Theorem 2.1.1 (p.7): \((\A')'=\A\)
Definition 2.1.4 (p.7): A matrix \(\A\) is symmetric if \(\A=\A'\).
Definition 2.1.5 (p.7): The diagonal of an \(m\times n\) matrix \(\A=(a_{ij})\) are the elements \(a_{11}, \ldots, a_{\ell\ell}\) where \(\ell=\min\left\{m,n\right\}\).
For example, if \(\A=\left(\begin{array}{ccc} 4 & 6 & -1 \\ 3 & 0 & 1 \end{array}\right)\), then the diagonal of \(\A\) are the elements \(4\) and \(0\).

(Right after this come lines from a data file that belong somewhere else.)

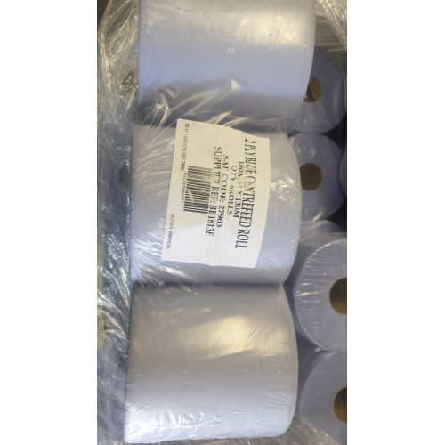 2 ply blue centre filled roll, 180mm x 130 metres. 6 rolls to pack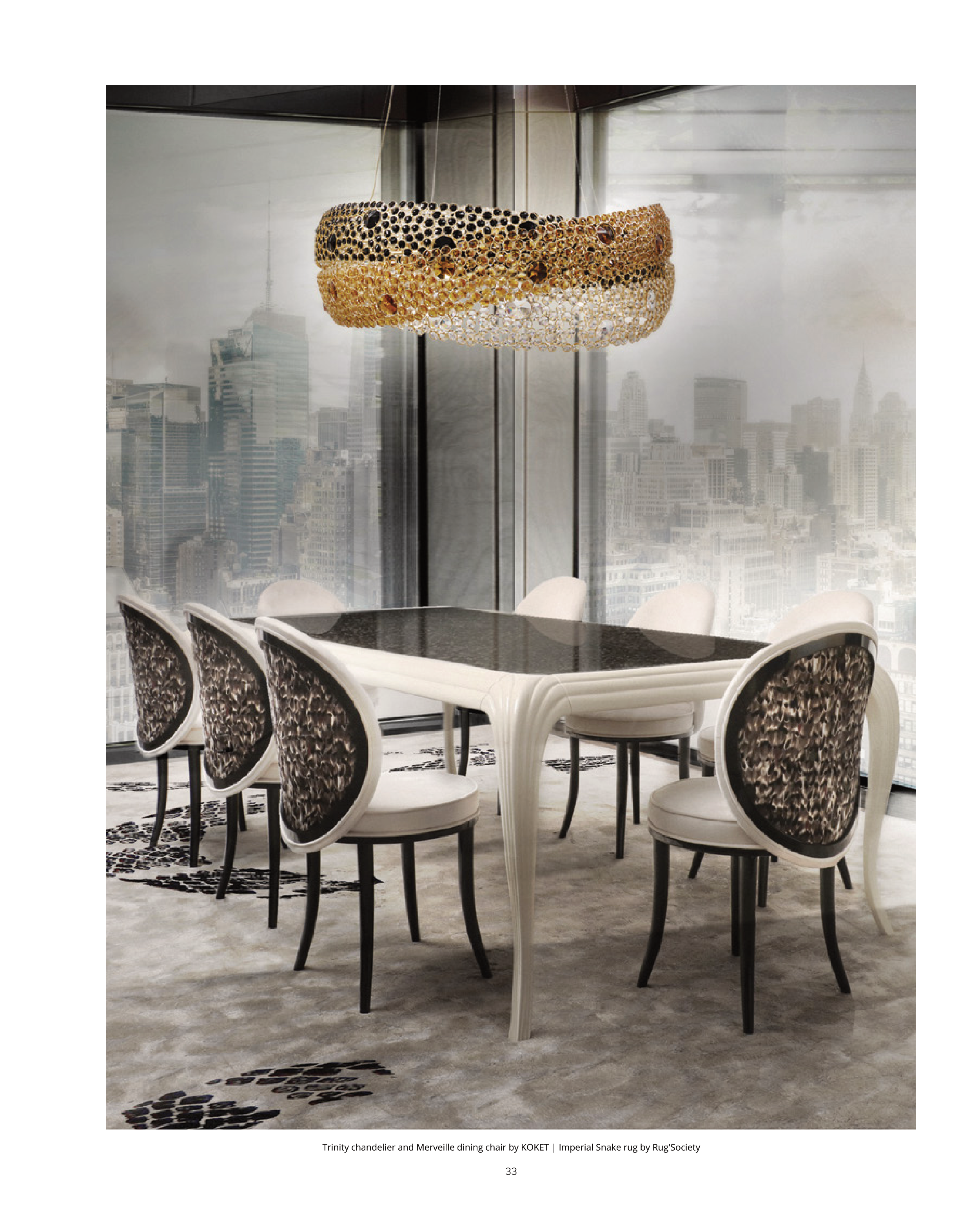 Trinity chandelier and Merveille dining chair by KOKET | Imperial Snake rug by Rug'Society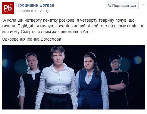 "Мне казалось что трэш в предвыборных компаниях уже выжил себя. У нас же крутые фотографы, стилисты, маркетологи и все такое! Но ведь нет!!! "Общественно-политическая платформа Надежды Савченко". У меня все!"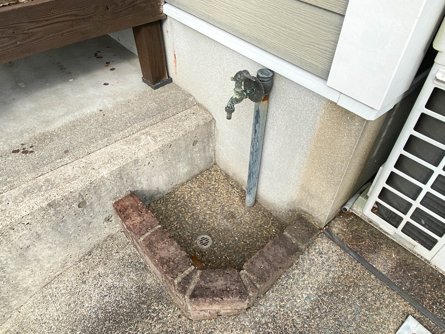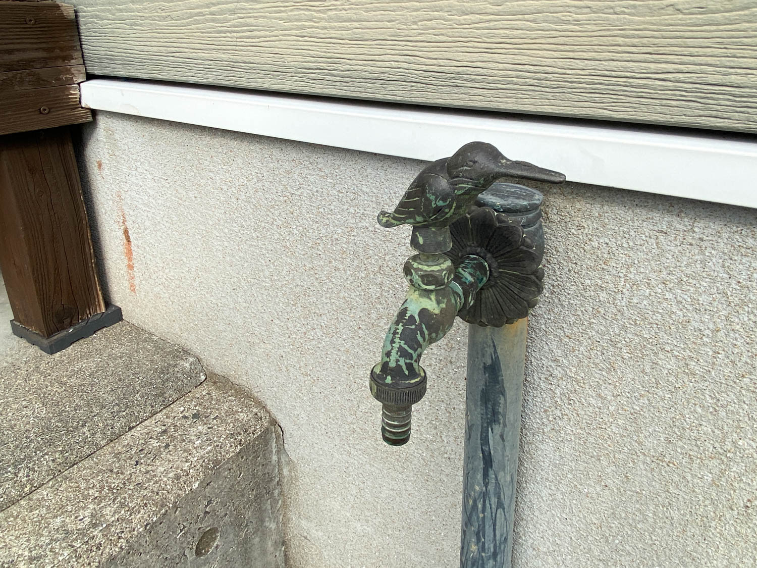 近くには、アンティークな鳥のデザインの屋外水栓も設置されていました。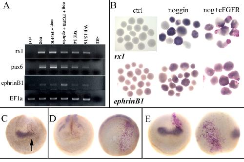Morphogenetic movements underlying eye field formation require interactions between the FGF and ephrinB1 signaling pathways. , Moore KB , Mood K, Daar IO , Moody SA ., Dev Cell. January 1, 2004; 6 (1): 55-67.

Definition 2.1.6 (p.7): A matrix \(\A=(a_{ij})\) is diagonal if \(a_{ij}=0\) for all \(i\) and \(j\) such that \(i\neq j\). We use \(\diag(a_{11},\ldots,a_{nn})\) or \(\diag(\A)\) to denote a square diagonal matrix with diagonal elements \(a_{11},\ldots,a_{nn}\).
For example, if \(\A=\left(\begin{array}{ccc} 4 & 6 & -1 \\ 3 & 0 & 1 \end{array}\right)\), then \(\diag(\A)=\diag(4,0)=\left(\begin{array}{cc} 4 & 0 \\ 0 & 0 \end{array}\right)\).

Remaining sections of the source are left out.